Jebakan Algoritma dan Distorsi Realitas Penanganan Bencana
Perhatian khalayak yang tertancap pada penanganan bencana, diwujudkan sebagai intensifnya perbincangan. Traffic media sosial pada unggahan yang bertema Bencana Sumatera, terindikasi tinggi. Temanya mulai soal penyebab bencana, yang bukan semata disebabkan alam; kesigapan pemerintah mengelola keadaan darurat, dibanding bencana-bencana sebelumnya; keresahan terhadap pernyataan dan aksi tokoh, yang dianggap nirempati; hingga dilangsungkannya penggalangan “warga menolong warga”, demi meringankan beban korban. Di balik semua itu, tersirat posisi yang saling berhadapan.
Acuan informasi yang digunakan masing-masing pihak, juga berbeda. Ini misalnya: saat seorang menteri menanggapi perintah Presiden, untuk segera memulihkan pasokan listrik. Disanggupinya, listrik akan segera tersedia kembali. Lampu-lampu di 93% wilayah bencana, bisa cepat menyala lagi. Dengan pulihnya pasokan listrik, nyata: upaya penanganan bencana maju bertahap. Namun tak lama setelah dinyatakan, ucapan menteri itu dibantah. Khalayak mengunggah keadaan senyatanya dari lokasi bencana yang menunjukkan wilayahnya masih gelap gulita, pasokan listrik nihil. Nyala yang dijanjikan hanya berlangsung sesaat, selama Presiden meninjau lokasi bencana. Sepeninggalnya, listrik padam lagi.
Demikian juga, saat makin kerap muncul pernyataan keadaan di lokasi bencana makin baik. Para korban bencana tangguh dan sanggup menjalani keadaan terbatas di pengungsian. Karenanya, Pemerintah Indonesia tak memerlukan bantuan asing. Sistem di dalam negeri, andal untuk memulihkan keadaan. Pernyataan ini pun disanggah.

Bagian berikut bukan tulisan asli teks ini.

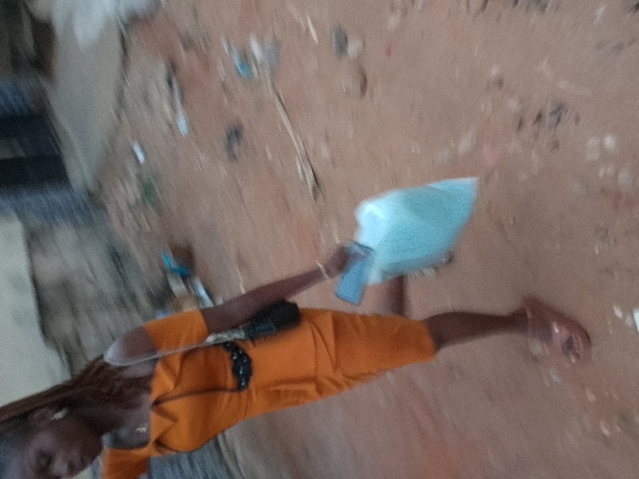A person in an orange dress stands outside, holding a light blue plastic bag and a blue smartphone. They wear brown sandals. The ground appears to be dirt, scattered with trash. A concrete structure is on the left. The photograph is rotated.

Khalayak mengedarkan unggahan, belum memadainya kebutuhan dasar korban. Minimnya makanan, air bersih, dan tempat bermukim sementara yang layak. Yang juga kerap terunggah, indikasi rasa putus asa korban. Ini ditandai dengan dikibarkannya bendera putih di depan permukiman warga. Bendera yang menyimbolkan sikap menyerah, terhadap keadaan yang makin sulit. Bahkan, Gubernur Aceh Muzakir Manaf sampai harus mengirim surat kepada PBB, mengajukan permintaan pertolongan bagi warganya.
Masih banyak persilangan yang terjadi, bahkan hingga hari ini. Dapat dibandingkan sajian realitasnya yang saling bertolak belakang. Seluruhnya memperebutkan rasa percaya khalayak. Penanganan yang terus membaik versi pemerintah, beserta bukti-bukti penguat realitas. Di hadapannya, realitas versi khalayak, juga disertai bukti-bukti yang membentuk kepercayaan.
Khalayak saat dikaji lebih dalam, punya karakteristik proses pembentukan realitas yang beragam. Karakterisitik pertama, khalayak yang bersanak-kerabat dengan korban di wilayah bencana. Kelompok ini terbentuk realitasnya terhadap bencana, saat cemas tak tahu nasib kerabatnya. Kerabat yang berhari-hari gagal dihubungi, membuatnya cemas. Bertambahnya jumlah korban yang dinyatakan tewas maupun hilang menaikkan kecemasan itu. Gulungan emosi menyebabkan kelompok ini menghayati bencana sebagai keadaan yang kian memburuk. Alih-alih membaik, seperti pernyataan pemerintah.